Debian popularity contest, measures software installation and usage, though usage is defined as being in use, not a count of usages. Similar services are provided by Debian sub-projects (such as NeuroDebian) and derivatives (such as Ubuntu). This allows regular (weekly) automated submissions of what (software or data) packages are installed and used (if filesystem is mounted with atime). Participation is completely voluntary and offered as an option during system installation, and later could be easily changed to opt-out or opt-in. No reliable assessment of a multiplier to assess overall number of users is available, but anecdotal evidence points to somewhere from 10x to 100x.

XALT, an open source tool that collects job level activity on a cluster into a local database, also falls into the collecting use metrics category. However, it is somewhat different than the other examples listed, since it does not collect information about the usage a particular software package in any centralized location, but rather, collects data on a per-cluster basis with the aim of directly supporting the cluster owners and administrators. Of course, it might also benefit the software developers, particular if they focus on developing for a small number of high-performance systems, or if another tool could gather XALT data from multiple instances.

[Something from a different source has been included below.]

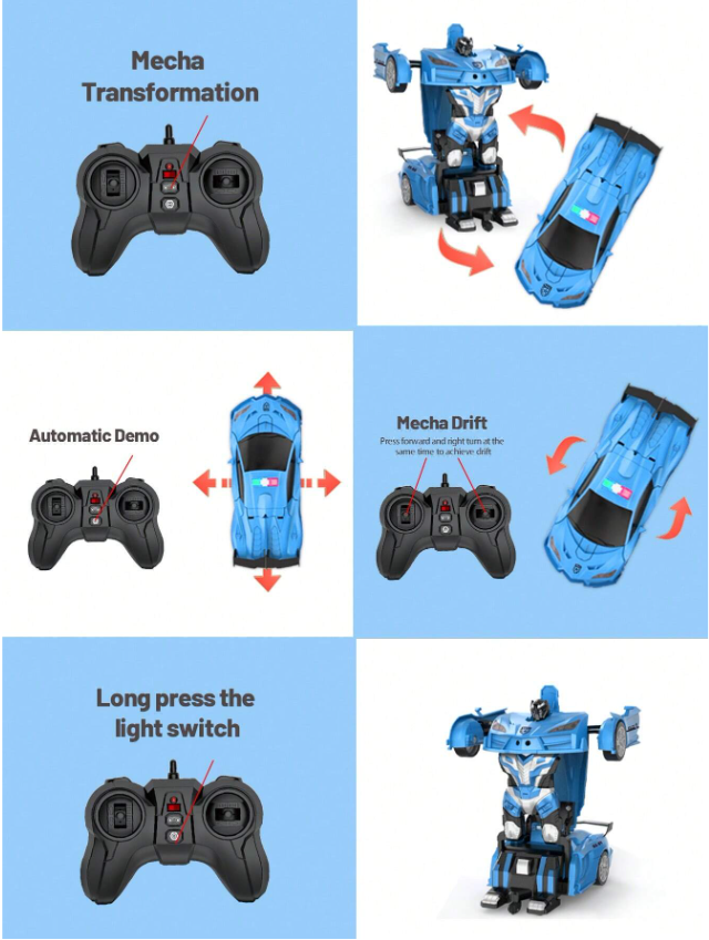 Auto telecomandata trasformabile, modello di auto realistico con luci da auto della polizia, auto da corsa telecomandata 2.4Ghz resistente alle interferenze, giocattolo auto trasformabile per acrobazie, batteria ricaricabile, rotazione a 360° e trasformazione con un solo pulsante, funzione di demo automatica. Adatto per bambini da 6 a 12 anni, giocattolo per compleanni, regalo di Natale per bambini e bambine
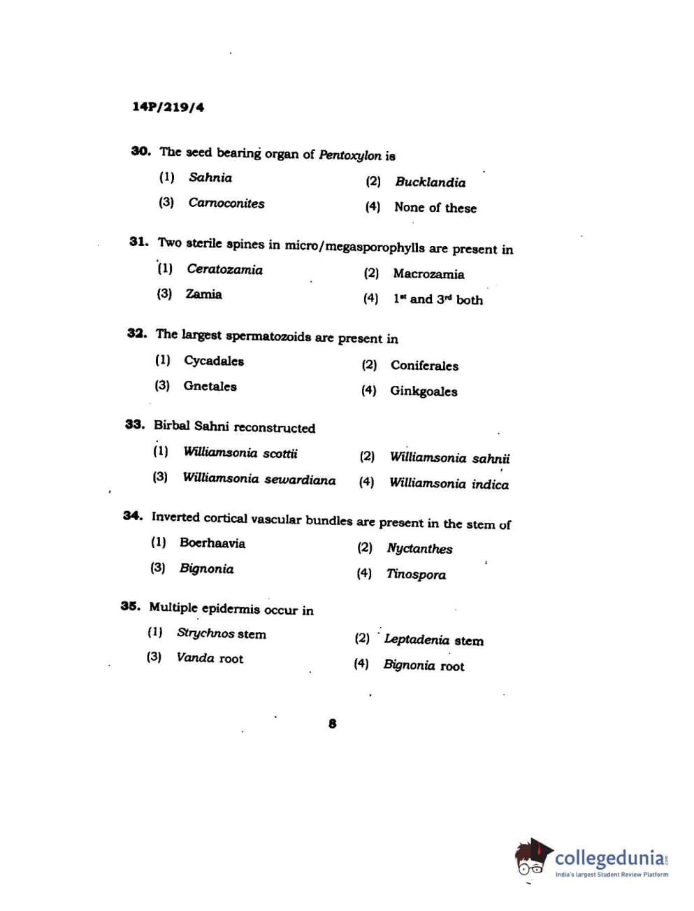 BHU PET 2014 M.SC BOTANY Question Paper with Answer Key PDFs

Cactus, an open source problem solving environment designed for scientists and engineers that has grown out of the numerical relatively community counts registered users — people who are willing to say they are users of the software, with their name on the Cactus Code web page. For a small community like this in relativistic astrophysics, this number is pretty meaningful though small, as there are not too many numerical relativists, but this can be correlated against high performing groups to see the overlap between Cactus users and, for example, authors of highly cited papers in the field.
Cactus also provides test accounts for new users on a supercomputer. They email the developers through an interface to ask for these accounts. These new users are usually students who the developers might not otherwise know about.

Impact metrics example

Depsy – a system to track and display the impact of research software, currently for software written in Python or R and stored in PyPI or CRAN, respectively, will count four types of impact: downloads (similar to what any code repository can count); software reuse (if one package is reused in another package), literature mentions (citations of a software package), and social mentions (tweets, etc.)

Other related work

The topic of software metrics was discussed at the WSSSPE3 meeting in September 2015. Some discussion is in this GitHub issue. This working group was following up on some discussion that happened in the 2015 SI2 PI meeting in February 2015 (see the metrics discussion in the final report), and the start of a draft white paper from the WSSSPE3 group is available.

If you know of other work that should be added to this blog post, please let me know and I will add it. I am not interested in building an exhaustive list of such software, but if there are other interesting methods for tracking builds, usage, or impact, I would like to add representative examples.

Acknowledgements

Much of the content of this blog is assembled from the various cited projects and activities. While I have been trying to publicize this as a concern, it is the work done by others in actually implementing these concepts that has shown this is an issue to be discussed and worked on, and that it can be solved. In particular, most of the text about OpenQBMM is from Alberto Passalacqua, most of the sempervirens text is from Nathaniel Smith, much of the duecredit and Debian popularity contest text is from Yaroslav O. Halchenko, and much of the text about Cactus is from Gabrielle Allen.

Some work by the author was supported by the National Science Foundation (NSF) while working at the Foundation; any opinion, finding, and conclusions or recommendations expressed in this material are those of the author and do not necessarily reflect the views of the NSF.